→ What the task asks
From the first line to the last, repeat the data exactly and drop the pictures.

___ Available data ___

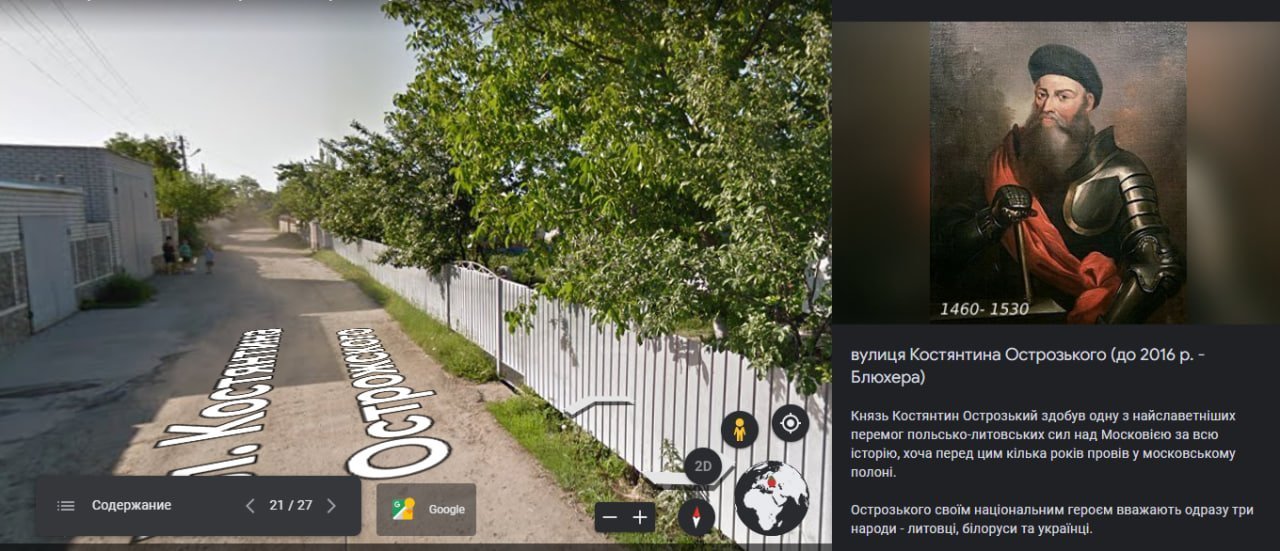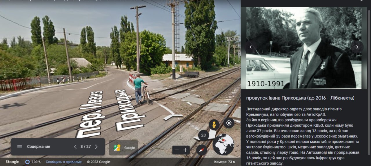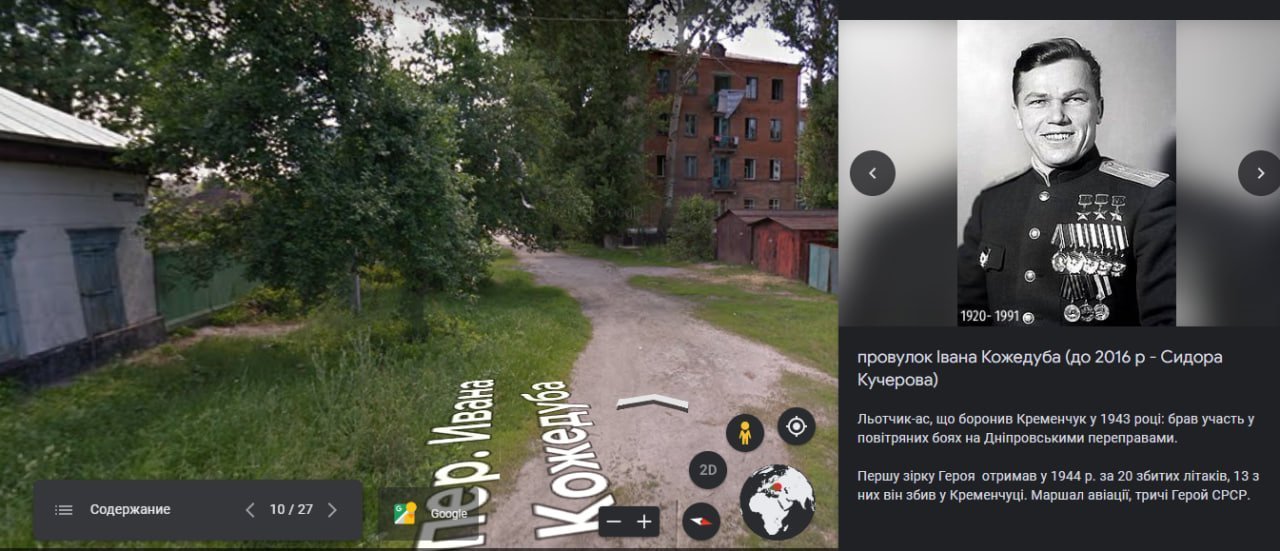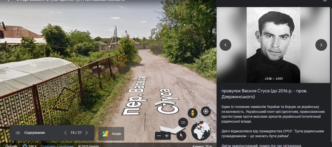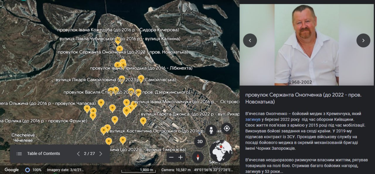 Ми створили мапу перейменованих вулиць в Google Earth, на якій можна «політати», роздивитись вулиці, подивитись фото тих, на чию честь назвали вулиці. «Потицяти» мапу Крюкова можна тут
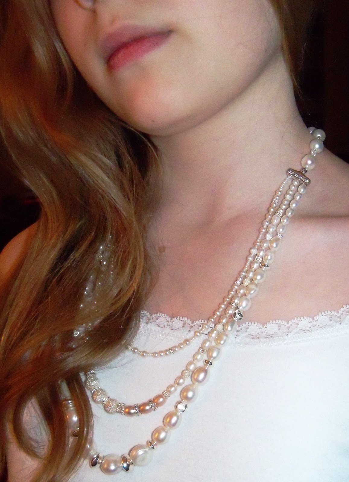 Last Spring she was planning her wedding and she realized that I might indeed be able to make a custom necklace to fit the look she is going for. I did say she can pull off anything .... and one would need this attribute for this particular piece. So her description of what she wanted was a 3 tier necklace that hangs mid-length with varying sizes of pearls and plenty of bling. Now when someone asks for bling you need to get specific with them because not all bling is created equally. Are we talking Kardashian style? or god help me .... Lady Gaga? or more subtle Cartier classic? Her reply was "surprise me, I trust you" ... really? We just met, at least at this point in our friendship.
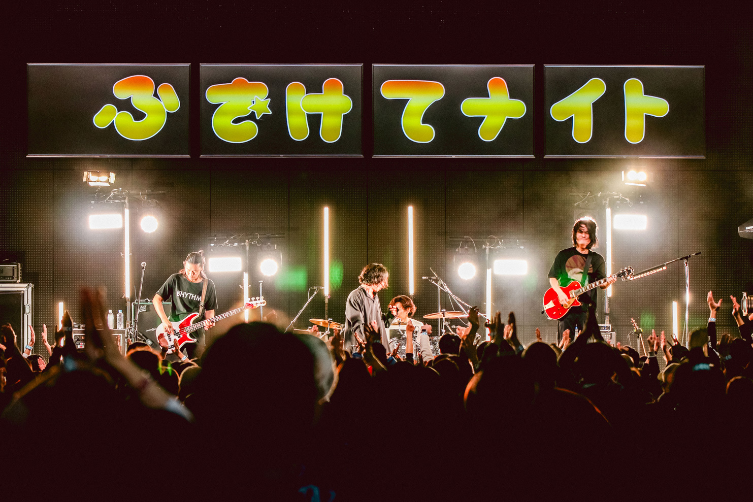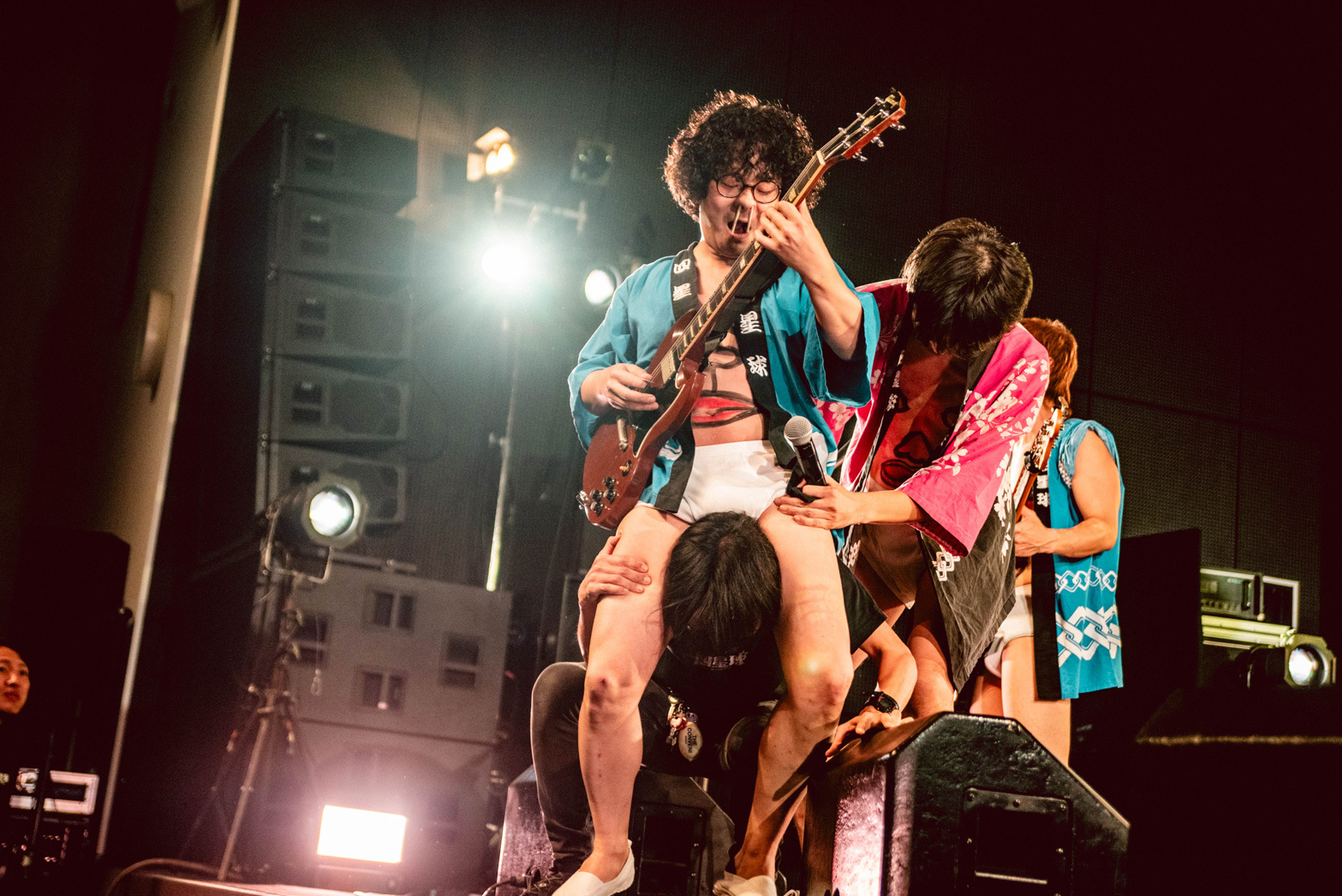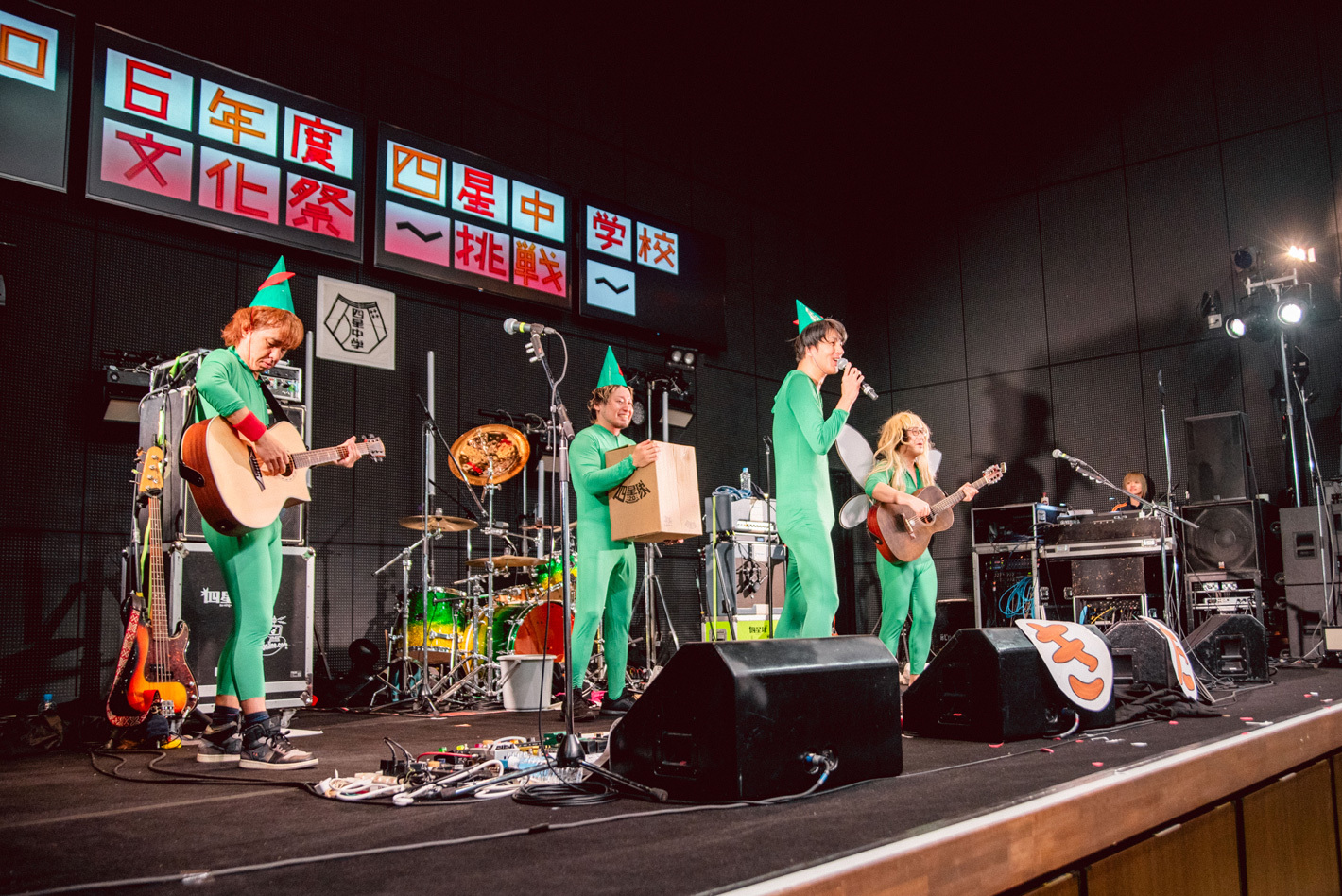 そんな衝撃的でけったいな終わり方だったが、終わる直前のMCで、康雄は大事なことを語っていた。『四星中学校文化祭』というワンマンライブシリーズを約15年に渡ってやっていると話して、バンドは30代後半から40代に差し掛かる時が苦労することも打ち明ける。それは子供が出来たり、親の面倒をみたりとお客さんの環境が変わることも大きいので必然だと言いながらも、「そこを変えますので。方法としてはおもろいことをするしかないので!」と決意表明を。もちろん、こんなことも台本には書いていない。リミッターが振り切れた時の康雄から飛び出すエモーショナルでパッションな言葉たちには、いつも痺れてしまう。

___

→ Expected answer
 Ми створили мапу перейменованих вулиць в Google Earth, на якій можна «політати», роздивитись вулиці, подивитись фото тих, на чию честь назвали вулиці. «Потицяти» мапу Крюкова можна тут
 Last Spring she was planning her wedding and she realized that I might indeed be able to make a custom necklace to fit the look she is going for. I did say she can pull off anything .... and one would need this attribute for this particular piece. So her description of what she wanted was a 3 tier necklace that hangs mid-length with varying sizes of pearls and plenty of bling. Now when someone asks for bling you need to get specific with them because not all bling is created equally. Are we talking Kardashian style? or god help me .... Lady Gaga? or more subtle Cartier classic? Her reply was "surprise me, I trust you" ... really? We just met, at least at this point in our friendship.
 そんな衝撃的でけったいな終わり方だったが、終わる直前のMCで、康雄は大事なことを語っていた。『四星中学校文化祭』というワンマンライブシリーズを約15年に渡ってやっていると話して、バンドは30代後半から40代に差し掛かる時が苦労することも打ち明ける。それは子供が出来たり、親の面倒をみたりとお客さんの環境が変わることも大きいので必然だと言いながらも、「そこを変えますので。方法としてはおもろいことをするしかないので!」と決意表明を。もちろん、こんなことも台本には書いていない。リミッターが振り切れた時の康雄から飛び出すエモーショナルでパッションな言葉たちには、いつも痺れてしまう。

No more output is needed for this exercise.